So the circular use of redo log files we mentioned earlier is actually calculated from the 2048th byte of each log file. Draw a schematic diagram like this:

insert image description here
We have already mentioned the common blockformat when we were nagging , that is , the three parts of , , and , so we won’t repeat the introduction. Here we need to introduce each one , that is, what are the formats of the first 4 special blocks, let’s not talk nonsense, let’s look at the picture first:log bufferlog block headerlog block bodylog blocktrialerredo日志文件前2048个字节

insert image description here
As can be seen from the figure, the four blocks are:

log file header : Describe some overall properties of the redo log file, let's take a look at its structure:

insert image description here

The specific interpretation of each attribute is as follows:

attribute name Length (unit: byte) describe
LOG_HEADER_FORMAT 4 The version of the redo log, the value is always 1
LOG_HEADER_PAD1 4 It is used for byte filling, it has no practical significance, ignore~
LOG_HEADER_START_LSN 8 Mark the LSN value at the beginning of this redo log file, that is, the LSN value corresponding to the beginning of the file offset of 2048 bytes (we will look at what LSN is later, ignore it if you don’t understand it)
LOG_HEADER_CREATOR 32 A string identifying who the creator of this redo log file is. This value is the version number of MySQL during normal operation, for example: "The value of the redo log file created by MySQL using the mysqlbackup command is "ibbackup" and the creation time.
LOG_BLOCK_CHECKSUM 4 The check value of this block, all blocks have it, we don't care

小提示:
InnoDB has modified the block format of the redo log many times. If you find that the above attributes are different from the attributes in the books you read in other books, don’t panic. This is normal. In addition, we will introduce the LSN value later. , Now don't worry about what LSN is.

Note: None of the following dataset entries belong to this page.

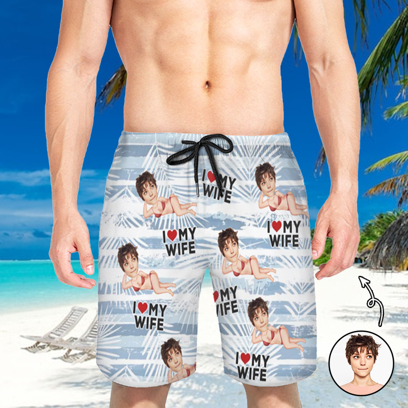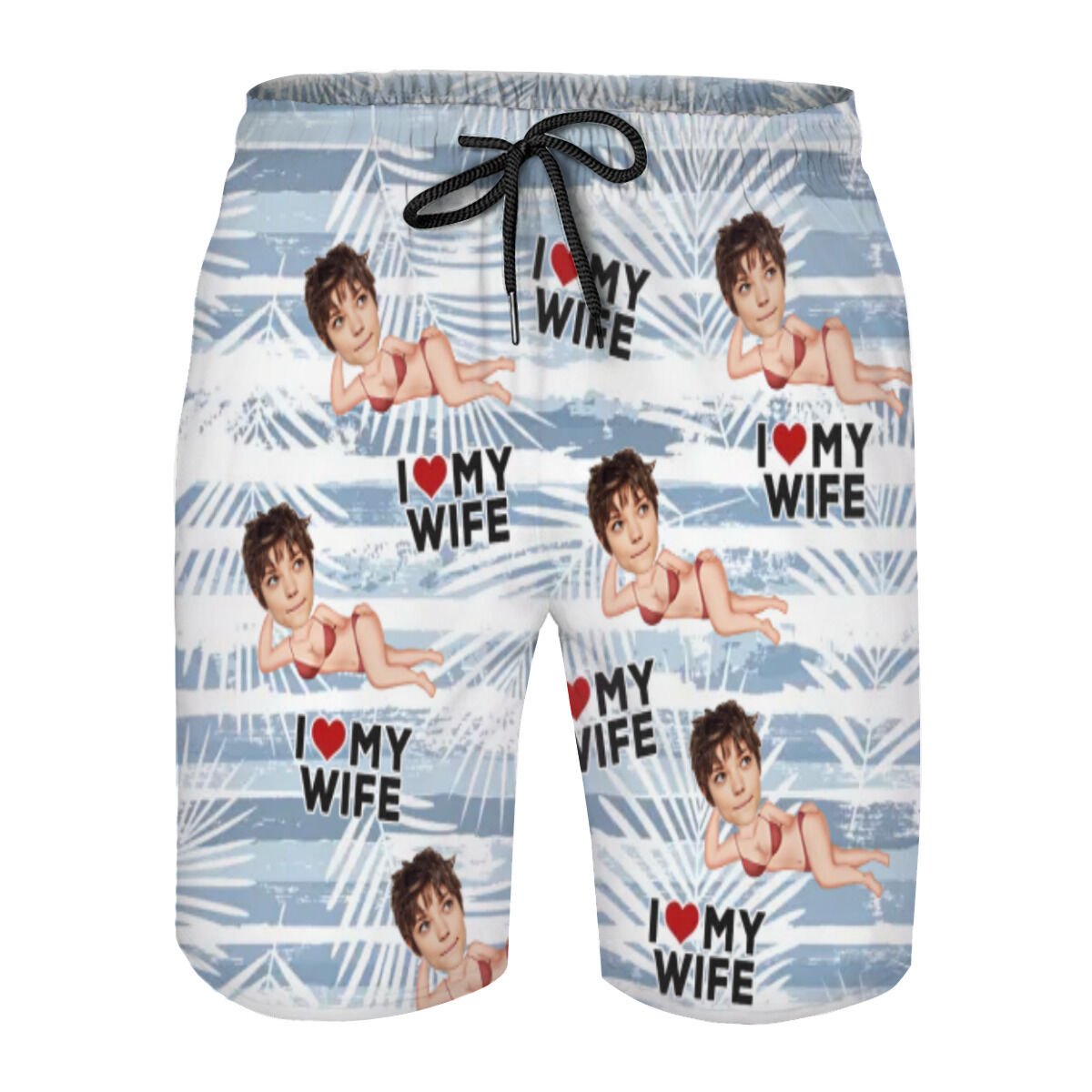Personalized Picture Men's Beach Shorts Best Gift for Husband "I Love My Wife"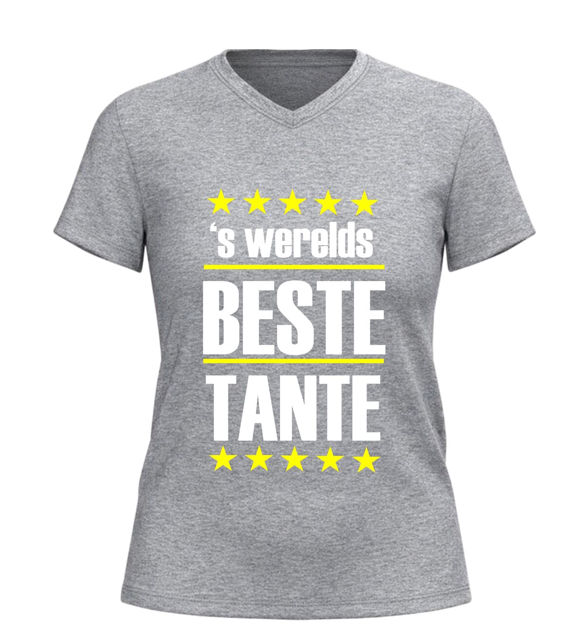 Dit V-hals dames shirt met de tekst ’s werelds beste tante is een liefdevol en stijlvol cadeau voor elke tante die je wilt verrassen. De vrouwelijke V-hals zorgt voor een mooie pasvorm en maakt het shirt comfortabel om zowel dagelijks als bij speciale momenten te dragen. De tijdloze en positieve boodschap laat direct zien hoe bijzonder zij is en zorgt elke keer opnieuw voor een glimlach. Of het nu gaat om een verjaardag, Moederdag, een kraamcadeau of gewoon zomaar, dit shirt is een perfect gebaar van waardering. Ideaal voor wie zoekt naar een origineel dames T-shirt voor tante, een persoonlijk cadeau voor tante, of een comfortabel shirt met een warme boodschap dat altijd in de smaak valt.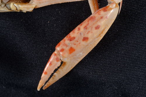 Description: 38.22x 15.69mm (Ca), attached with Octolasmis warwickii 斧板茗荷, taken from Donggang (東港) , Southern Taiwan. 2012/07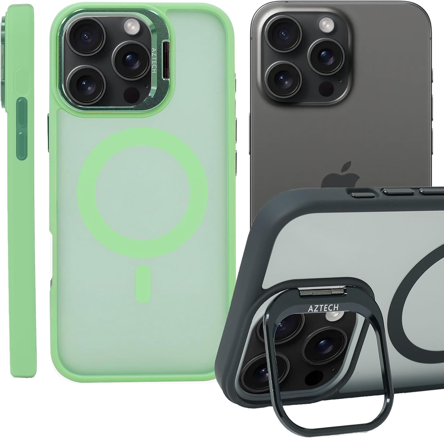 AZTECH for iPhone 16 Pro Case Compatible & MagSafe Supports Magnetic Wireless Charging Built-in Camera Ring Stand Scratch-Resistant Back Kickstand Cover for iPhone 16 Pro Classic Hybrid HaloLock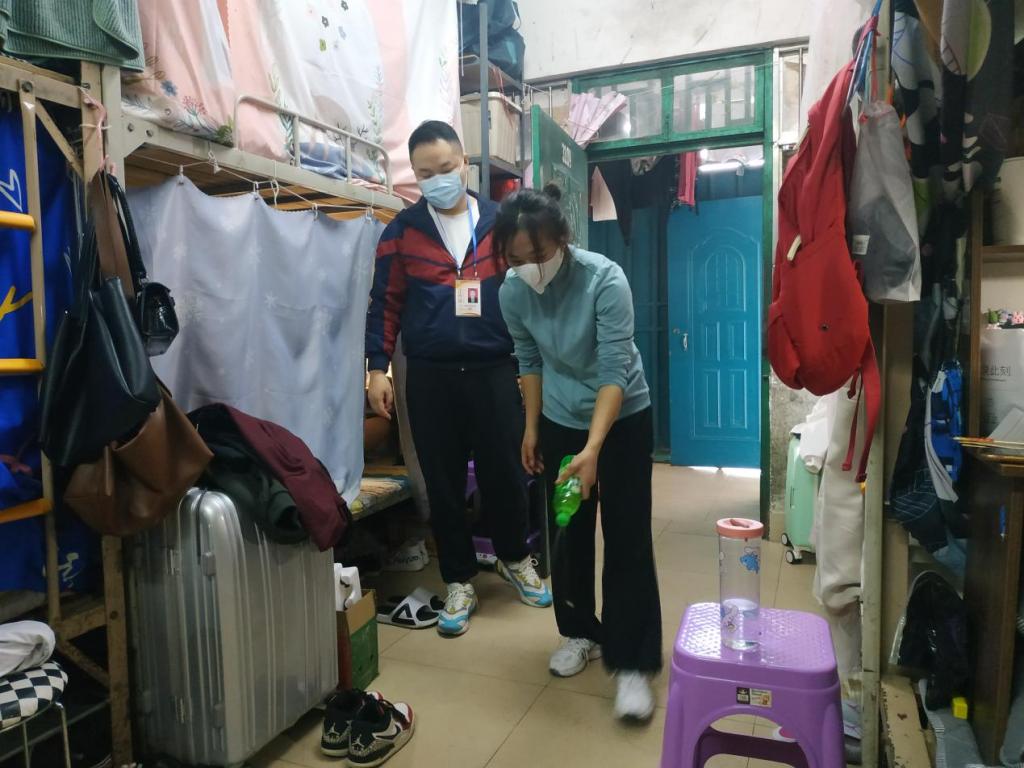 3月25日中午12时许,公园路校区和长岗校区在学生宿舍同步开展“爱国卫生运动”宿舍清洁,学院全体辅导员与学生们一同参与。辅导员统一向学生发放洁厕剂,宿舍成员明确分工,将宿舍的地面、桌面、卫生间进行清洁,整理书桌、箱柜,对宿舍里的每一个地方都进行了仔细的打扫和消杀;本次活动不仅仅是整理宿舍内务卫生,同时对学生宿舍是否有乱拉电线以及违规使用大功率电器的现象进行了严格检查,目的是让学生们做到安全用水用电。

checkpoint1: record some attributes about checkpoint, look at its structure:

insert image description here
The specific interpretation of each attribute is as follows:

attribute name Length (unit: byte) describe
LOG_CHECKPOINT_NO 8 The server checkpoint number, every time a checkpoint is done, the value is increased by 1.
LOG_CHECKPOINT_LSN 8 The corresponding LSN value at the end of the server checkpoint. When the system crashes and recovers, it will start from this value.
LOG_CHECKPOINT_OFFSET 8 The offset of the LSN value in the previous attribute in the redo log file group
LOG_CHECKPOINT_LOG_BUF_SIZE 8 The size of the corresponding logbuffer when the server performs checkpoint operations
LOG_BLOCK_CHECKSUM 4 The check value of this block, all blocks have it, we don't care

小提示:
It is normal to not understand the above explanations about the attributes of checkpoint and LSN. I just want everyone to be familiar with the above attributes, and we will talk about them in detail later.

The third block : unused, ignore~

checkpoint2 : The structure is the same as checkpoint1

六、Log Sequeue Number

Since the system starts running, the page is constantly being modified, which means that redologs are constantly being generated. redoThe amount of logs is constantly increasing, just like the age of a person, it has been increasing since birth, and it can never be reduced. InnoDBIn order to record the amount of logs that have been written redo, a global variable is designed Log Sequeue Number, which translates to: 日志序列号,简称lsn. However, unlike the birth age of a person who is 0 years old, the uncle who designed InnoDB stipulated the initial lsn value 8704(that is, when a redo log has not been written, the lsn value is 8704).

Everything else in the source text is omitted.